Question

)A cable has a bandwidth of 3000 Hz assigned for data communication. The SNR is 3162. How many signal levels do we need?

Answer 1

Answer:

$L=56.2$

Explanation:

We need to use two theoretical formulas: Shannon Capacity and Nyquist Bit Rate.

From Shannon:

$C=B*log_2(SNR+1)$

From Nyquist:

$C=2B*log_2(L)$

Where:

$C= Channel\hspace{3}capacity\\B=Bandwidth\hspace{3} of\hspace{3} the\hspace{3} channel\\SNR=Signal\hspace{3}to\hspace{3}noise\hspace{3}ratio\\L=Number\hspace{3}of\hspace{3}signal\hspace{3}levels\hspace{3}used\hspace{3}to\hspace{3}represent\hspace{3}data$

Using the data provided by the problem and the equations above, let's find the signal levels we need.
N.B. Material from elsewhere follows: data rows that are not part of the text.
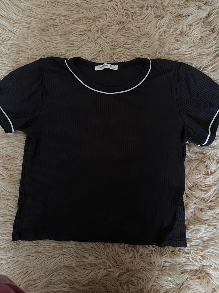 Siyah, kısa kollu, yuvarlak yakalı mini uzunlukta, vücuda oturan, sentetik kumaştan üretilmiş tişört. Günlük sokak stiline uygun şık ve rahat.
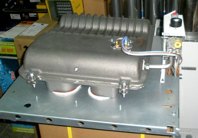 Ефективността на агрегата зависи от формата и материала на топлообменника. По правило топлообменниците са изработени от чугун или стомана. Чугунът е по-надежден, но е по-тежък и по-скъп.Ако стената има ограничение на носещата способност, теглото може да бъде критично. В други случаи е по-добре да закупите продукти с чугунени топлообменници. Но по време на работа е необходимо да се изключи проникването на вода върху горещата повърхност на чугуна - дори няколко капки чугун могат да се напукат.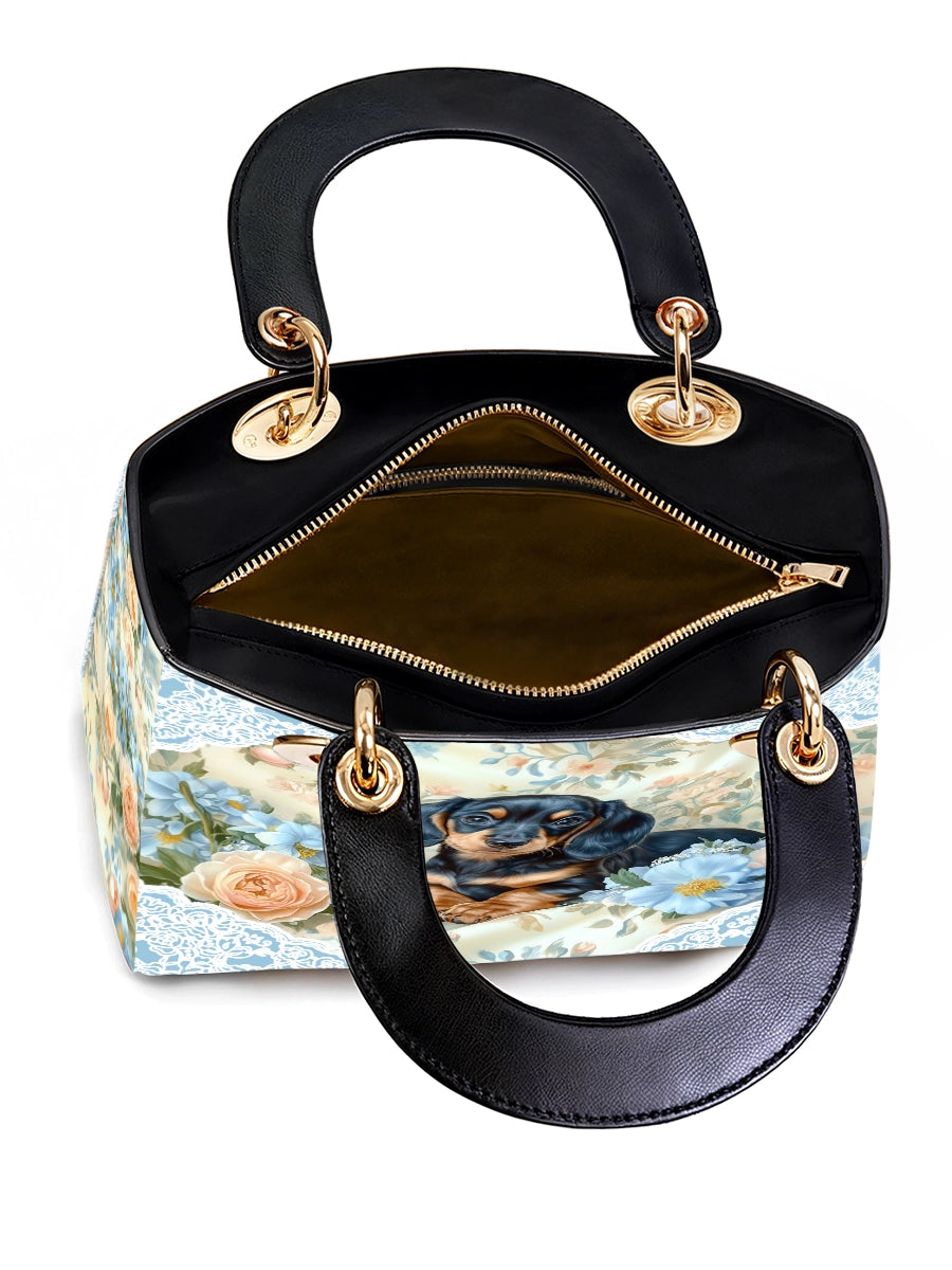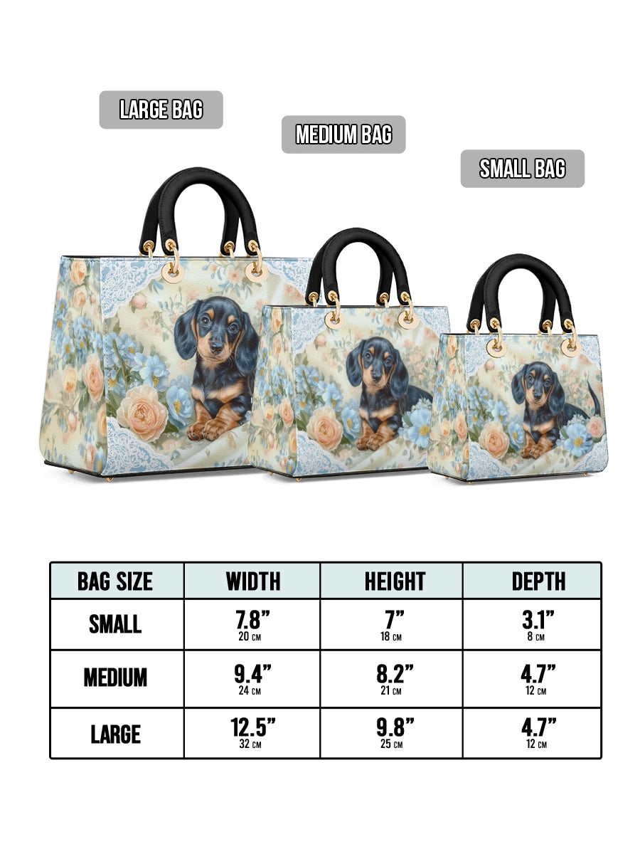The Lady Leather Bag by DachyCharm brings timeless elegance to everyday moments. With its structured silhouette, sturdy top handles, and charming details, it’s the perfect blend of grace and personality — made for dachshund lovers who adore a touch of sophistication.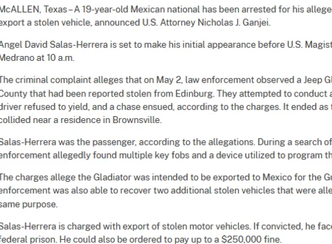 唐人日报5月12日讯:德克萨斯州卡梅伦县执法部门近日逮捕了一名非法移民安吉尔·大卫·萨拉斯-埃雷拉(Angel David Salas-Herrera),他被控参与将被盗机动车出口至境外,涉嫌为墨西哥臭名昭著的海湾贩毒集团工作。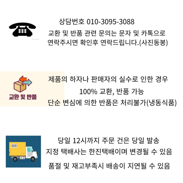 - ㆍ모니터 해상도의 차이로 인해 색상이나 이미지가 실제와 달라, 고객이 단순 변심으로 교환/반품을 무료로 요청하는 경우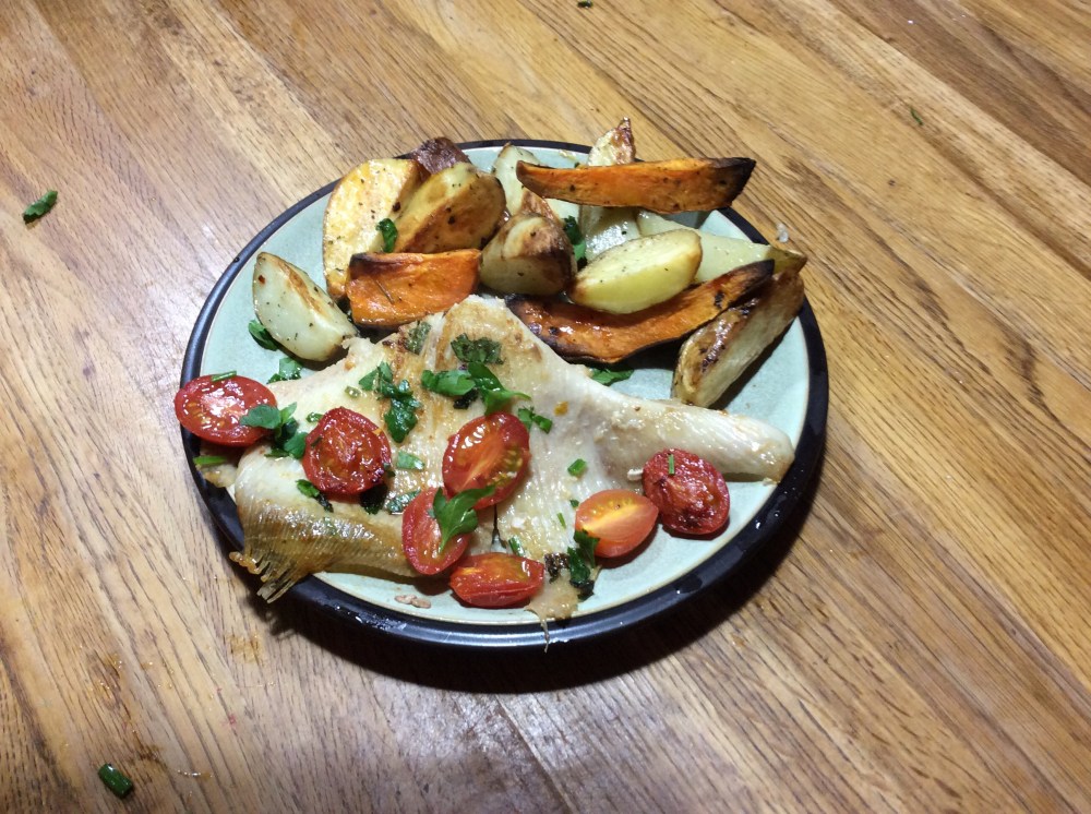 Main- skate wing with lemon, parsley and cherry tomatoes with potato wedges

Using the Shannon equation:

$C=B*log_2(SNR+1)$

Where:

$B=3000Hz\\SNR=3162$

$C=3000*log_2(3162+1)\\\\C=3000*log_2(3163)\\\\C=34881.23352\hspace{3}bps$

Now, using Nyquist equation:

$C=2B*log_2(L)$

Where:

$C=34881.23352\hspace{3}bps\\B=3000Hz$

$34881.23352=2*3000*log_2(L)\\\\34881.23352=6000*log_2(L)$

Solving for $L$ :

$\frac{34881.23352}{6000} =log_2(L)\\\\5.81353892=log_2(L)\\\\2^{5.81353892} =2^{log_2(L)}\\ \\56.24055476=L\\\\L\approx56.2$

Therefore, we need approximately 56.2 signal levels.